Activity: Only one portion of the data is to be written out: from the line bearing "După Slujba Sfintei" through the line bearing "Le cardinal Gerhard". Write it exactly as it appears.

##### Data

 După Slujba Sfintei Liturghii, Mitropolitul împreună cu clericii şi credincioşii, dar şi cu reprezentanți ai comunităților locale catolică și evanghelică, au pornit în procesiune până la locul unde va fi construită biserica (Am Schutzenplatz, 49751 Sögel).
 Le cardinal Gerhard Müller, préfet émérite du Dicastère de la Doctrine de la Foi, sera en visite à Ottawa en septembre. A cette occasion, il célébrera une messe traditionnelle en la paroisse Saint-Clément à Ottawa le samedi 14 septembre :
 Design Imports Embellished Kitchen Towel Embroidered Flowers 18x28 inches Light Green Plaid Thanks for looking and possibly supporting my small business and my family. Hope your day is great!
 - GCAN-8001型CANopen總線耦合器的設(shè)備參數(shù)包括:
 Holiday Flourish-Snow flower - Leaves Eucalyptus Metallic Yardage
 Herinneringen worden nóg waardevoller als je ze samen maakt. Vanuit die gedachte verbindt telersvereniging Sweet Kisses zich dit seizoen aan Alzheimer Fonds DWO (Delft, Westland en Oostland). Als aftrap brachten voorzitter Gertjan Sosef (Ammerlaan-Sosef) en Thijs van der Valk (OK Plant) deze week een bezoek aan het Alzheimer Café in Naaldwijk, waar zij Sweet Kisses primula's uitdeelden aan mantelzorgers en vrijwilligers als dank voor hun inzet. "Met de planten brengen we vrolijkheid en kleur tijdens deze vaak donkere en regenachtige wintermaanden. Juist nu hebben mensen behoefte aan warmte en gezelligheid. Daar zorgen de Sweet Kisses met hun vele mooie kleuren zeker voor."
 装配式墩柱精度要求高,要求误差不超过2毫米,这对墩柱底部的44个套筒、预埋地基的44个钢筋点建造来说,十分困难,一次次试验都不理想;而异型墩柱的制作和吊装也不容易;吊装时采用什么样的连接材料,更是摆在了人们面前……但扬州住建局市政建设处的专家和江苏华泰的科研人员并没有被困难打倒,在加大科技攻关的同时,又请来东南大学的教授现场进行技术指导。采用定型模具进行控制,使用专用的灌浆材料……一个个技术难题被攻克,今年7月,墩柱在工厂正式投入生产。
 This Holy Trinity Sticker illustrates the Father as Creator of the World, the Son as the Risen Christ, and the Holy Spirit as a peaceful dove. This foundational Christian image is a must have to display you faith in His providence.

##########
##### Data

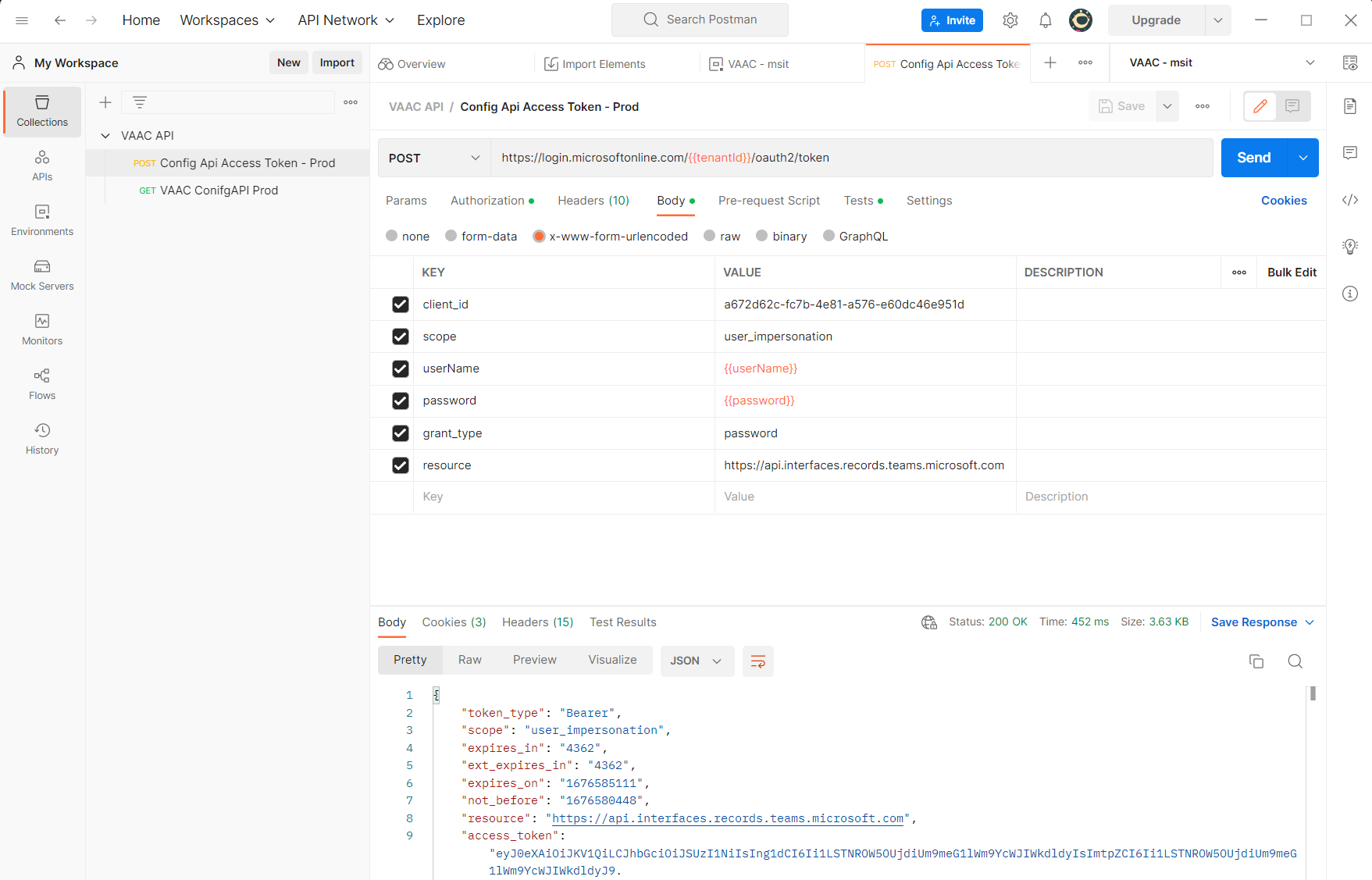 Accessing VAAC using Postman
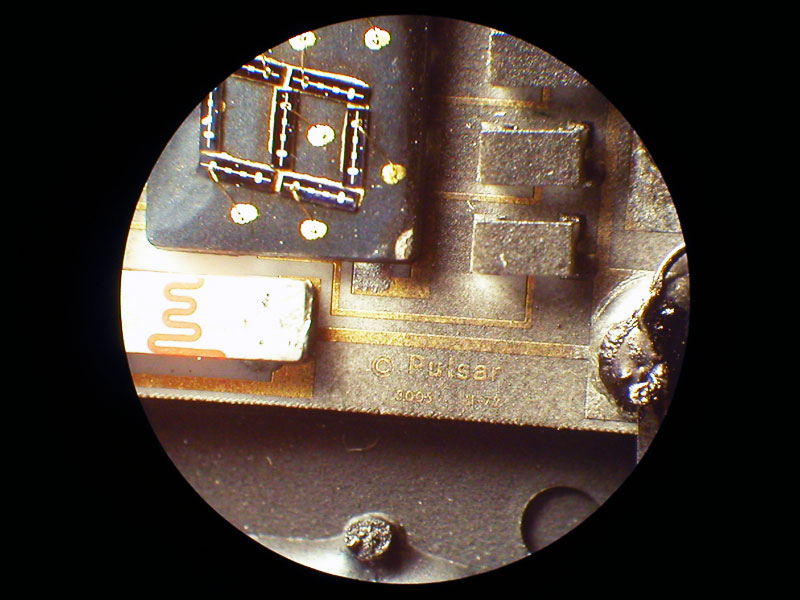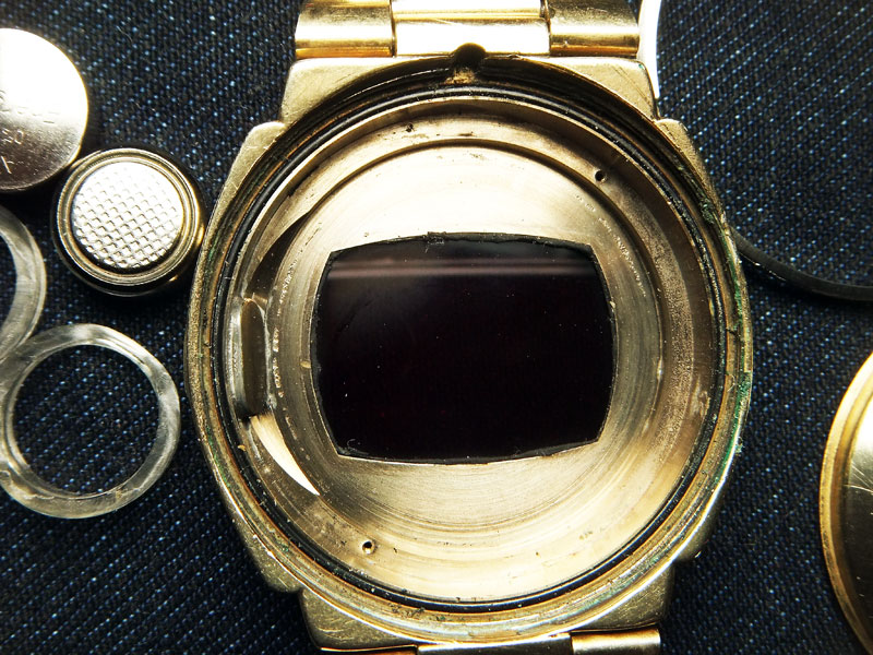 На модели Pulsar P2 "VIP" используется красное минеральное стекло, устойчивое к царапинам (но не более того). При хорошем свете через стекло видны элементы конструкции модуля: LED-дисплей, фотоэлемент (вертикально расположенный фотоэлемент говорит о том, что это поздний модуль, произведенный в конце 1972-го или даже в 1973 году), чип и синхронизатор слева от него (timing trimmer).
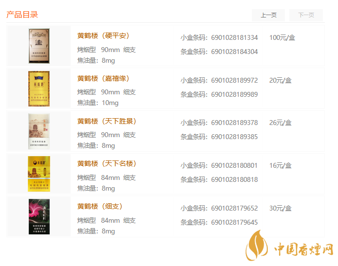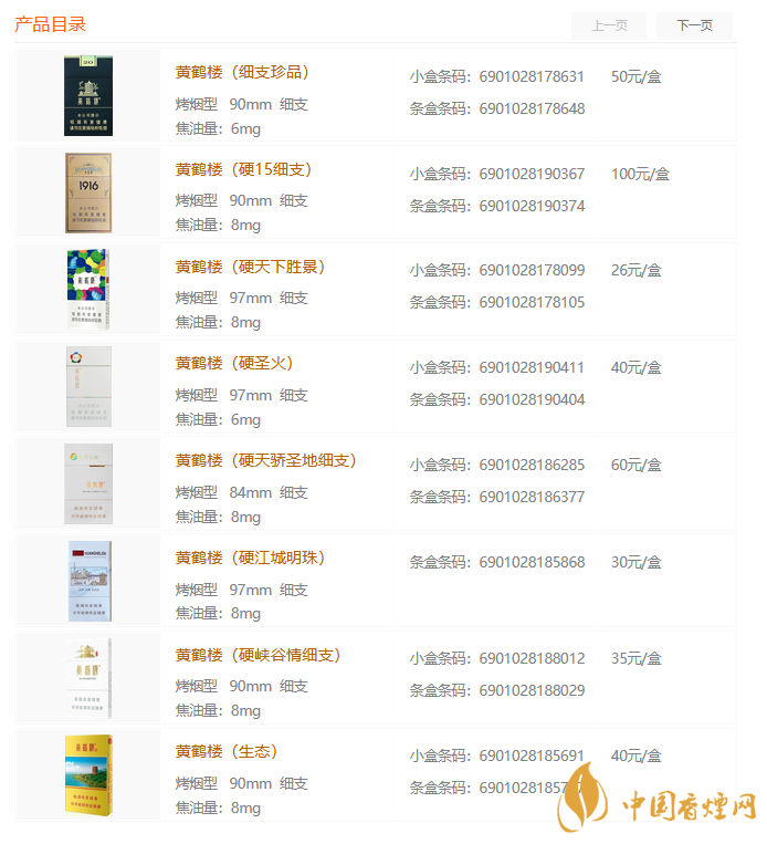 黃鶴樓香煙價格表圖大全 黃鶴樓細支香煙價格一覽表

##########
##### Data

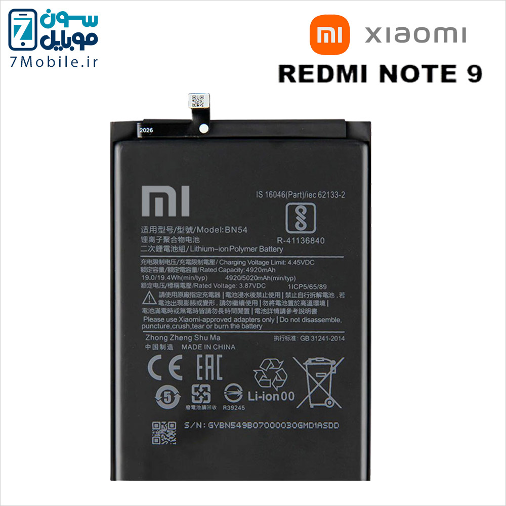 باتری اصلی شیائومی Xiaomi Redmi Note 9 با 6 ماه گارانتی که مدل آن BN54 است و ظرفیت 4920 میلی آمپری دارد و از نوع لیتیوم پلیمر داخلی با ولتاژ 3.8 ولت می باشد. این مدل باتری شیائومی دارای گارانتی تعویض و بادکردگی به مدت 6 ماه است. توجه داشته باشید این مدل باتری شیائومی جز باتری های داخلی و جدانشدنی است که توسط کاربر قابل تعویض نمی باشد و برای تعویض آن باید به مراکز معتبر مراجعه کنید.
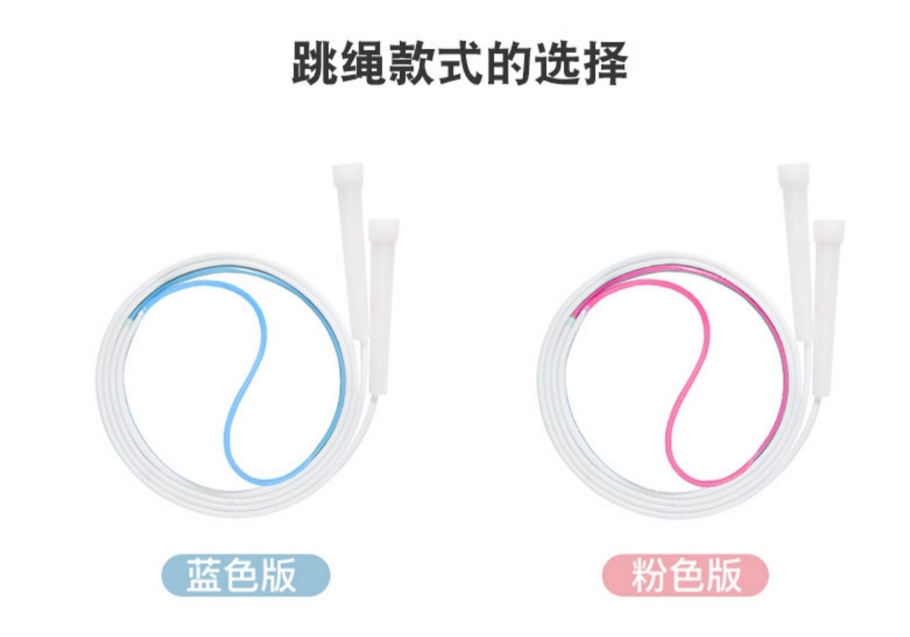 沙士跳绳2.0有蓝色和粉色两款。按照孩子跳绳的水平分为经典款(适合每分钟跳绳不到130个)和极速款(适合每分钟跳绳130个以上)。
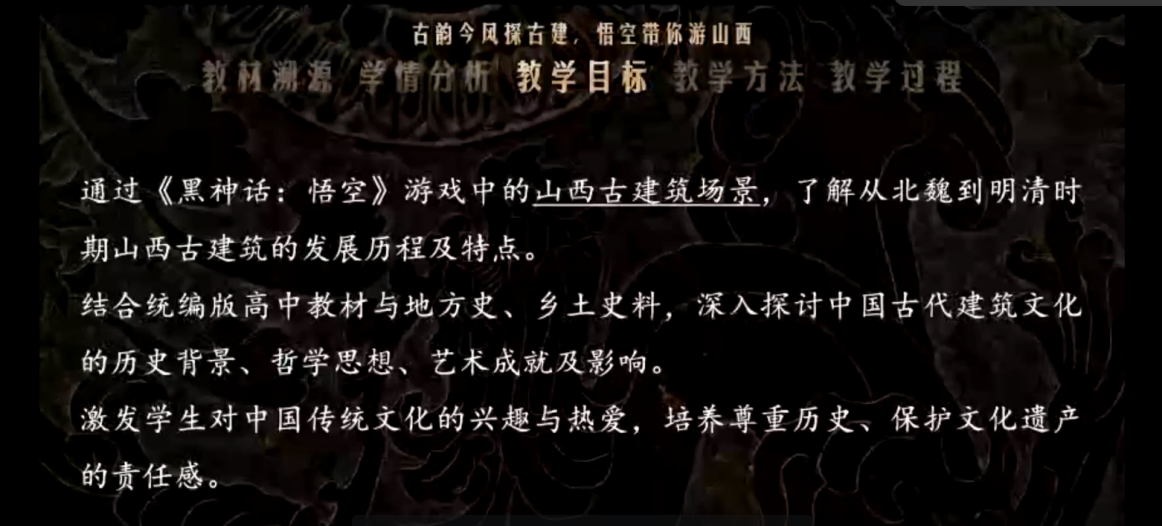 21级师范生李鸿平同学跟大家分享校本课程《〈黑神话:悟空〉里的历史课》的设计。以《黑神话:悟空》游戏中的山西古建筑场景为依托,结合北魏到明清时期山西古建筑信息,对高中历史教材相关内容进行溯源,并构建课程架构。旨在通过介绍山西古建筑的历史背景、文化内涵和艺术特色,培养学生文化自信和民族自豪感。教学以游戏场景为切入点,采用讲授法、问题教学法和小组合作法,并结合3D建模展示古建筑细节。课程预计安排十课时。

##########

Answer to the exercise:
 După Slujba Sfintei Liturghii, Mitropolitul împreună cu clericii şi credincioşii, dar şi cu reprezentanți ai comunităților locale catolică și evanghelică, au pornit în procesiune până la locul unde va fi construită biserica (Am Schutzenplatz, 49751 Sögel).
 Le cardinal Gerhard Müller, préfet émérite du Dicastère de la Doctrine de la Foi, sera en visite à Ottawa en septembre. A cette occasion, il célébrera une messe traditionnelle en la paroisse Saint-Clément à Ottawa le samedi 14 septembre :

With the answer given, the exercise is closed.